=== TASK ITEM ===
Write out exactly, and only, the lines below from the line with "Canon revealed two" through the line with "Hop on the Trump"; pictures do not belong in the copy.

|---|

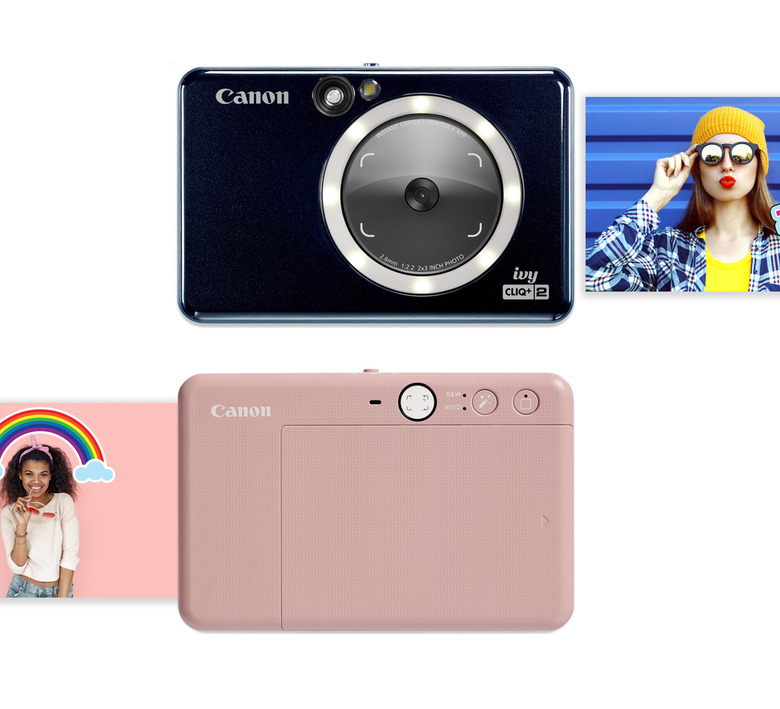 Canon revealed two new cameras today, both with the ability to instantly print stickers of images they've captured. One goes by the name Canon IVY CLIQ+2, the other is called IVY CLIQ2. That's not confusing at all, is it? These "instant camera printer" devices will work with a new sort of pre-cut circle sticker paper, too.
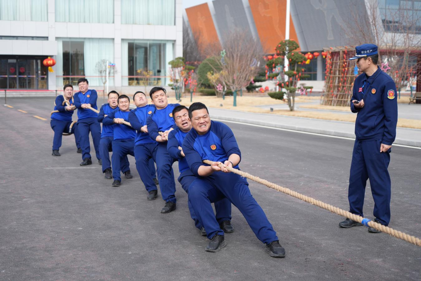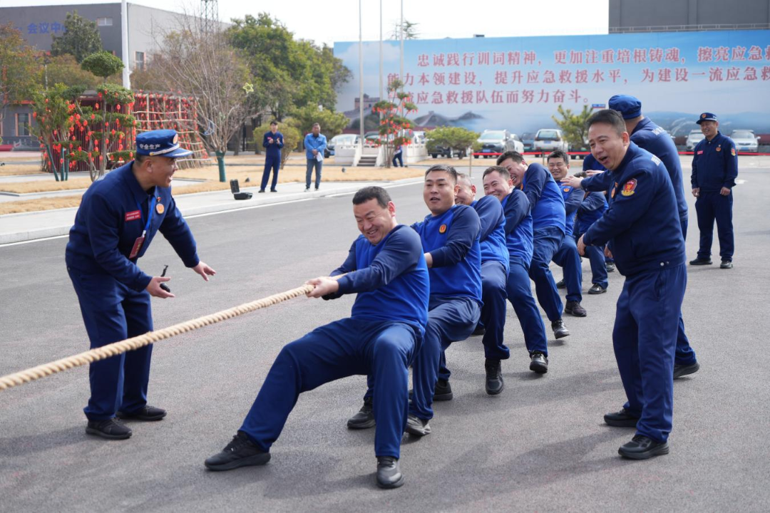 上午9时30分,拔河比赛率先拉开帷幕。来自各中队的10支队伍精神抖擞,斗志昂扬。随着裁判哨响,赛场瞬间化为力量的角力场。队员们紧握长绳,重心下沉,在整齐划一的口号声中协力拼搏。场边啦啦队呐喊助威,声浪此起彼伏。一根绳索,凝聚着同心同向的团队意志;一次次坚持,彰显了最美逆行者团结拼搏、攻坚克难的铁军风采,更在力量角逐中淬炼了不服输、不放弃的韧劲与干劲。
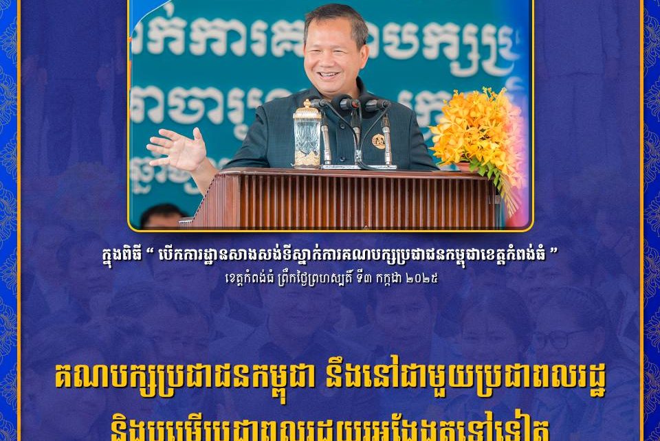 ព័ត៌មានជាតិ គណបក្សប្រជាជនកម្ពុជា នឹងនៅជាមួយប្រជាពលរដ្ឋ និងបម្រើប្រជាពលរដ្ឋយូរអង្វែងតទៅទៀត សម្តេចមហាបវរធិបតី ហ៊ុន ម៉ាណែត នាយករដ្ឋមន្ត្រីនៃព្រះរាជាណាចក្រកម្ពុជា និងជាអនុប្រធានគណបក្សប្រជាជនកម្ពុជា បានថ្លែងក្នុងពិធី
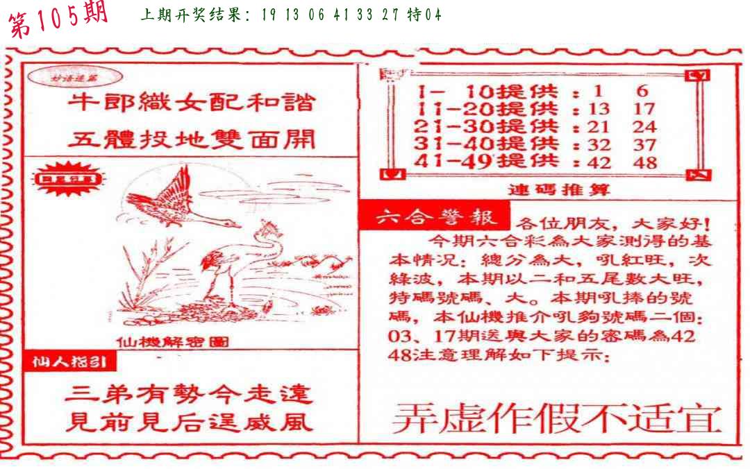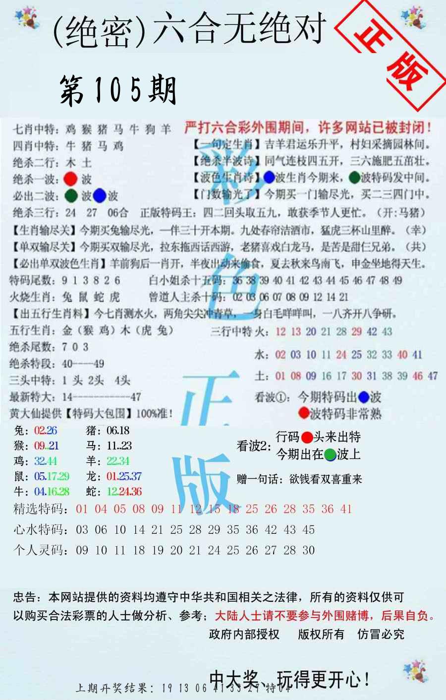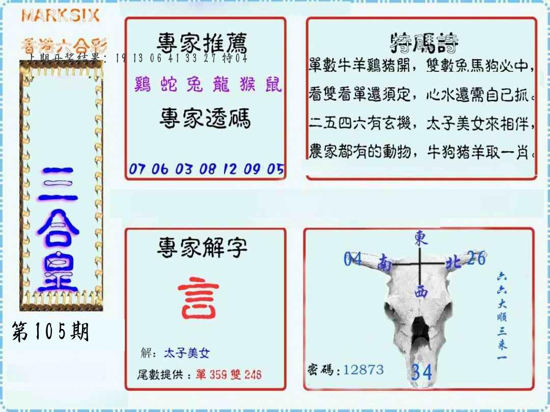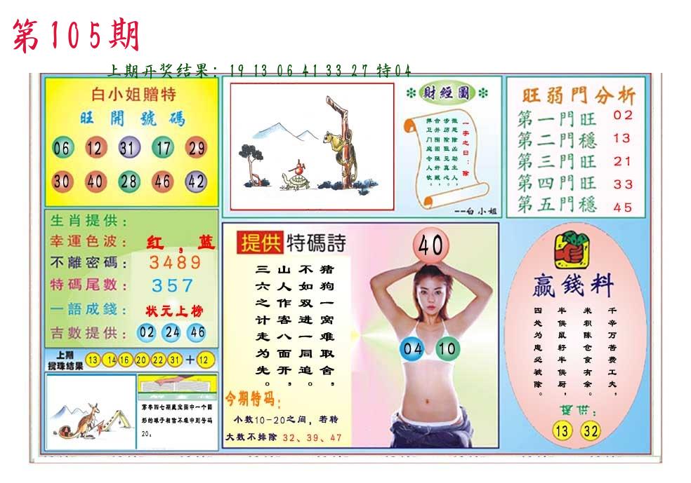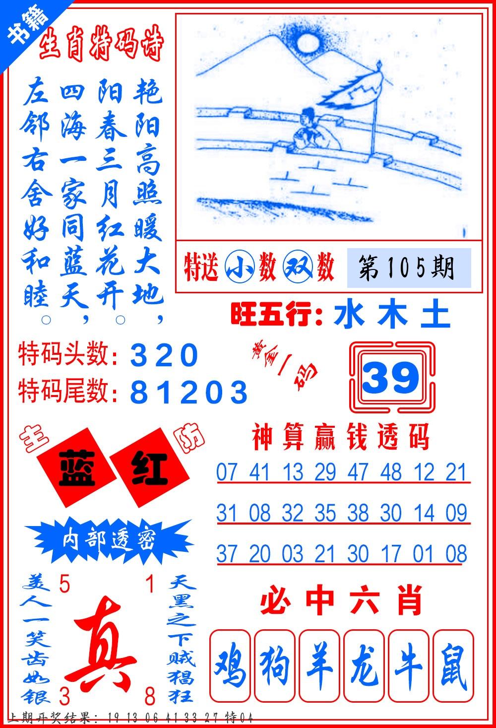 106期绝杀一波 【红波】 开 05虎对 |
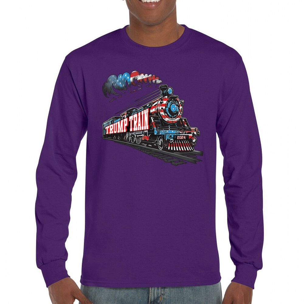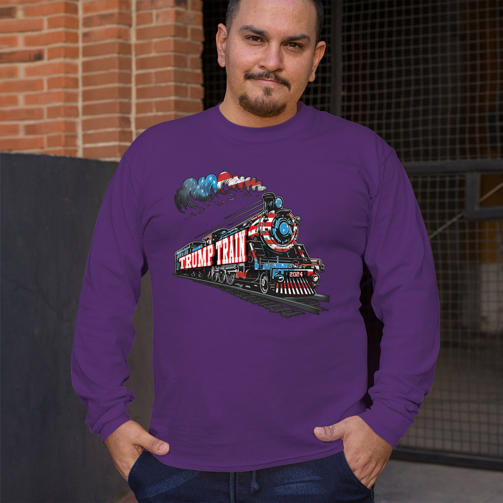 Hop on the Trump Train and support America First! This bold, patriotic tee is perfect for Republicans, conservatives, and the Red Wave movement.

|---|

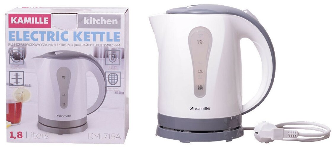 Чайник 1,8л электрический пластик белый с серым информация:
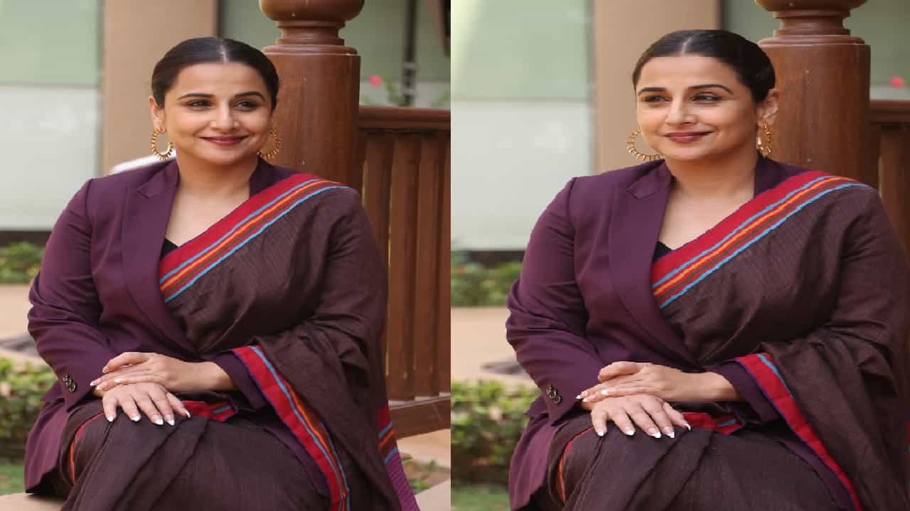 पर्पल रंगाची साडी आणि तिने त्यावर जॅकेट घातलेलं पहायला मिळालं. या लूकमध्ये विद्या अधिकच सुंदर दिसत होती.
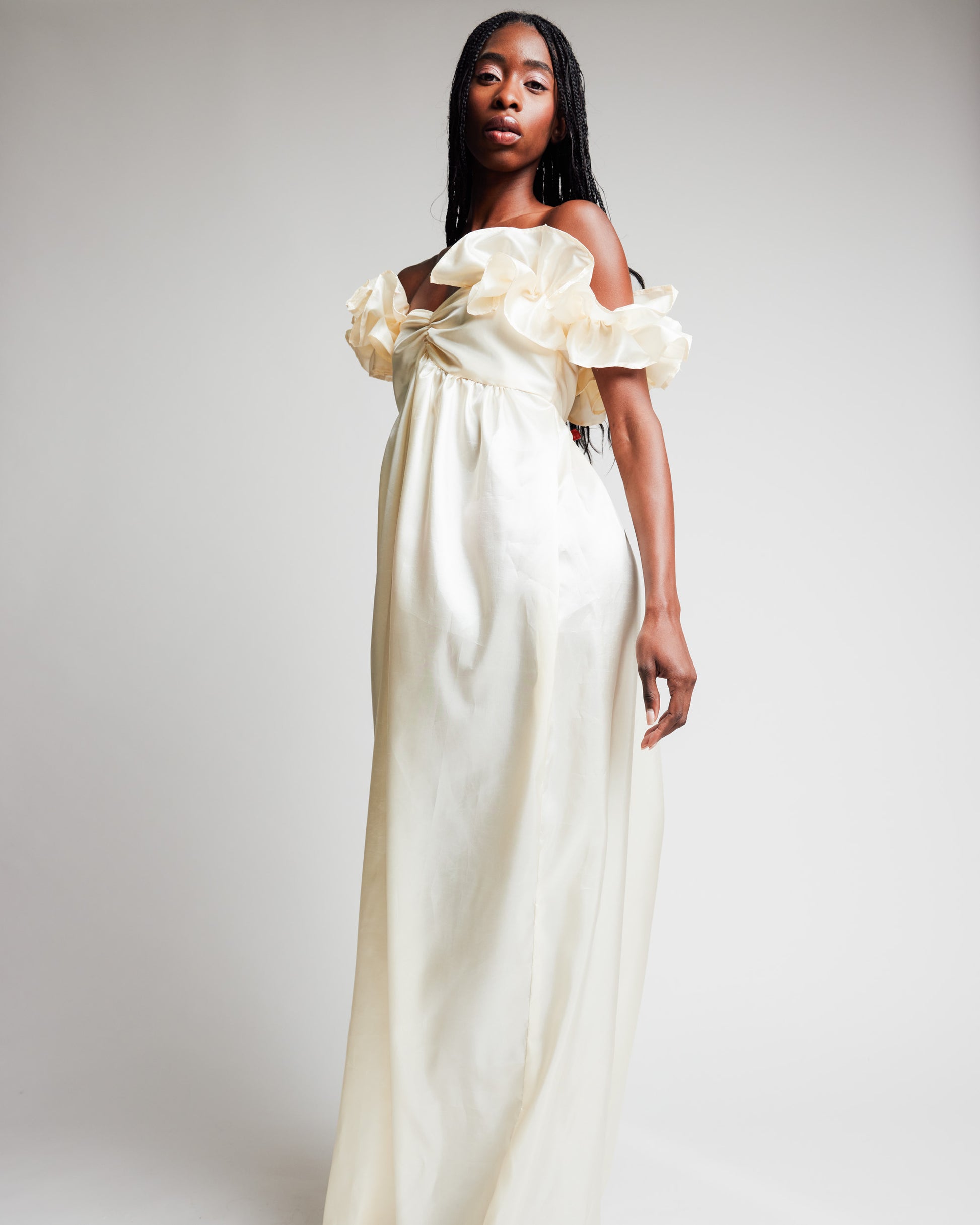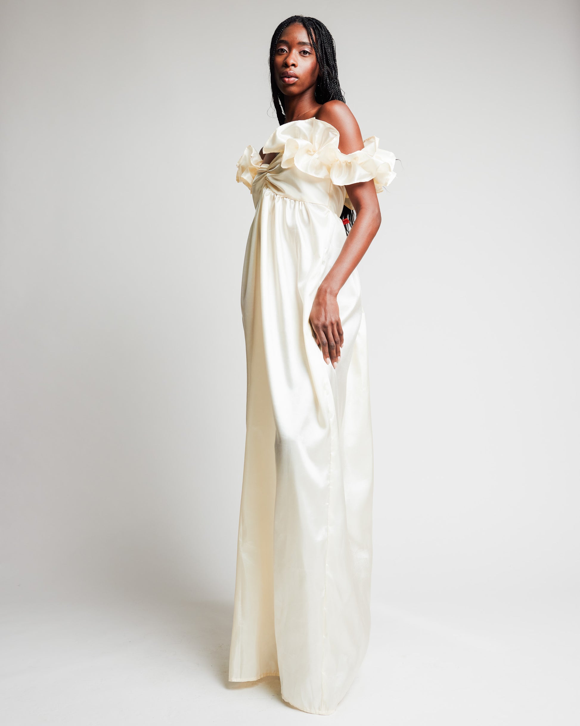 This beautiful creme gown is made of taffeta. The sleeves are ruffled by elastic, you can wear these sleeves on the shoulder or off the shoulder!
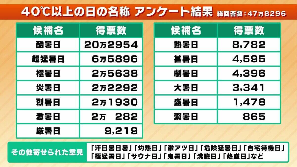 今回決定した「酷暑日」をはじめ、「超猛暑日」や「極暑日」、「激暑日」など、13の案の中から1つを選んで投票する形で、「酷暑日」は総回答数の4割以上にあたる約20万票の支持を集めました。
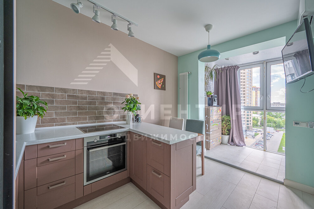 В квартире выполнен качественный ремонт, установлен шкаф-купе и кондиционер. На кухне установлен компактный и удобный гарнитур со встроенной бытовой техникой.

|---|

=== TASK SOLUTION ===
 Canon revealed two new cameras today, both with the ability to instantly print stickers of images they've captured. One goes by the name Canon IVY CLIQ+2, the other is called IVY CLIQ2. That's not confusing at all, is it? These "instant camera printer" devices will work with a new sort of pre-cut circle sticker paper, too.
 上午9时30分,拔河比赛率先拉开帷幕。来自各中队的10支队伍精神抖擞,斗志昂扬。随着裁判哨响,赛场瞬间化为力量的角力场。队员们紧握长绳,重心下沉,在整齐划一的口号声中协力拼搏。场边啦啦队呐喊助威,声浪此起彼伏。一根绳索,凝聚着同心同向的团队意志;一次次坚持,彰显了最美逆行者团结拼搏、攻坚克难的铁军风采,更在力量角逐中淬炼了不服输、不放弃的韧劲与干劲。
 ព័ត៌មានជាតិ គណបក្សប្រជាជនកម្ពុជា នឹងនៅជាមួយប្រជាពលរដ្ឋ និងបម្រើប្រជាពលរដ្ឋយូរអង្វែងតទៅទៀត សម្តេចមហាបវរធិបតី ហ៊ុន ម៉ាណែត នាយករដ្ឋមន្ត្រីនៃព្រះរាជាណាចក្រកម្ពុជា និងជាអនុប្រធានគណបក្សប្រជាជនកម្ពុជា បានថ្លែងក្នុងពិធី
 106期绝杀一波 【红波】 开 05虎对 |
 Hop on the Trump Train and support America First! This bold, patriotic tee is perfect for Republicans, conservatives, and the Red Wave movement.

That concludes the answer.